Update: seemingly not
Update: Oh yeah!
Friday, March 12, 2010
Who knew what when?
Hmmm, this World Service story is a bit funny. From comments below, Phil says:
"I collected at the time for War on Want, which did have contacts in Eritrea and Tigray. As far as I was concerned we were collecting the money because people were starving in Eritrea & Tigray, and getting it to the EPLF and TPLF because they were best placed to do something about it. We knew they weren't dedicated humanitarian agencies (the 'PLF' is a clue), and we knew there was the possibility that not all the money would be used for food. So my initial reaction to hearing about this programme was that if the proportion diverted really was as high as 95%, then that was a story. And my second, more cynical reaction was that if the amount diverted hadn't been claimed to be as high as 95%, then there wouldn't have been a story"
An anonymous commenter says:
"I find this story intriguing. Martin Plaut was on the Council of War on Want at the time of these events, when War on Want was the only aid organisation openly providng aid to famine vicitms in areas controlled by the Eritreans and Tigrayans."
Really? Was he? It's hard to find out, but he certainly did write this book published by WoW in 1981, and he is mentioned in this biography of George Galloway, albeit that I can't find a full text search to get context. Googology also turns up this article, which has Plaut inviting the EPLF to a Labour Party conference in 1979.
I have no feel for the reliability of these sources, but taken together and coupled with Plaut's own mention in the story that he "had gone on the long, difficult journey through Sudan and into Eritrea with rebels who had been fighting the government for more than 20 years", it seems pretty clear that he was involved with EPLF, possibly in a capacity related to distributing aid via them.

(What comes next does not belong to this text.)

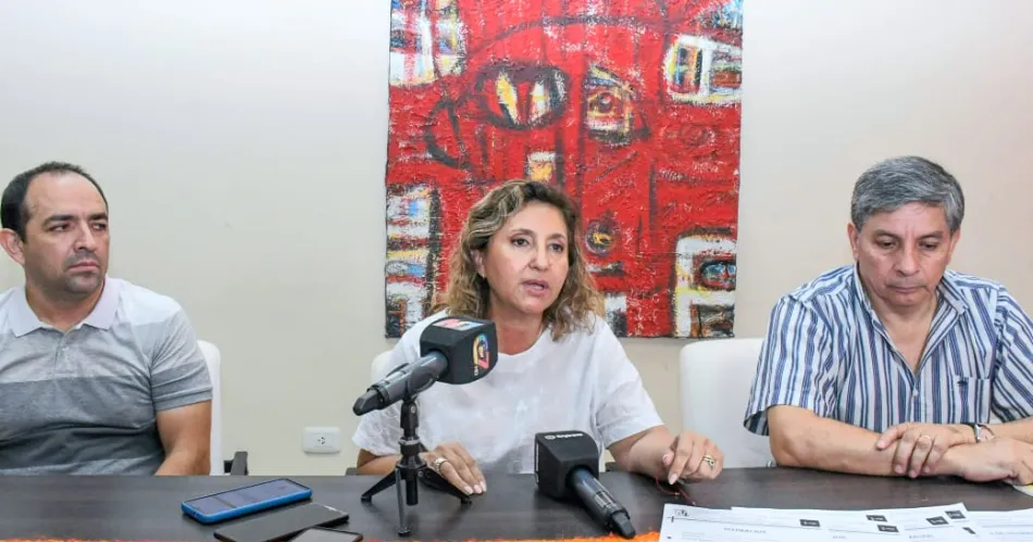 La intendente capitalina, Norma Fuentes, brindó una conferencia en el Palacio Municipal, acompañada por el director de Tránsito y Transporte municipal, Carlos Bucci; y el fiscal municipal, Martín Ramos, informó de las acciones que viene tomando la Municipalidad ante la no prestación del servicio de transporte en la ciudad Capital.

The strange thing here is that Phil remembers the diversion to weapons as being something that WoW were aware of as a risk and prepared to live with, while Plaut is retrospectively surprised by it thirty years later.

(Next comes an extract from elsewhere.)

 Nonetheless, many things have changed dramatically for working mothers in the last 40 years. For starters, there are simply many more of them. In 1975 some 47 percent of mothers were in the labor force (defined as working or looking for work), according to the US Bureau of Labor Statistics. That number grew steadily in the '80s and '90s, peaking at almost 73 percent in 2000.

It is of course a nasty jolt to suddenly be faced with the possibility that you misjudged people you trusted in the past, but the only source for the claim that more than 90% of the aid was diverted is a disgruntled old guy who lost out in a party power struggle, and as Geldof notes, this isn't really consistent with the mortality outcomes. So I think the evidence points to Plaut having been really quite amazingly naive.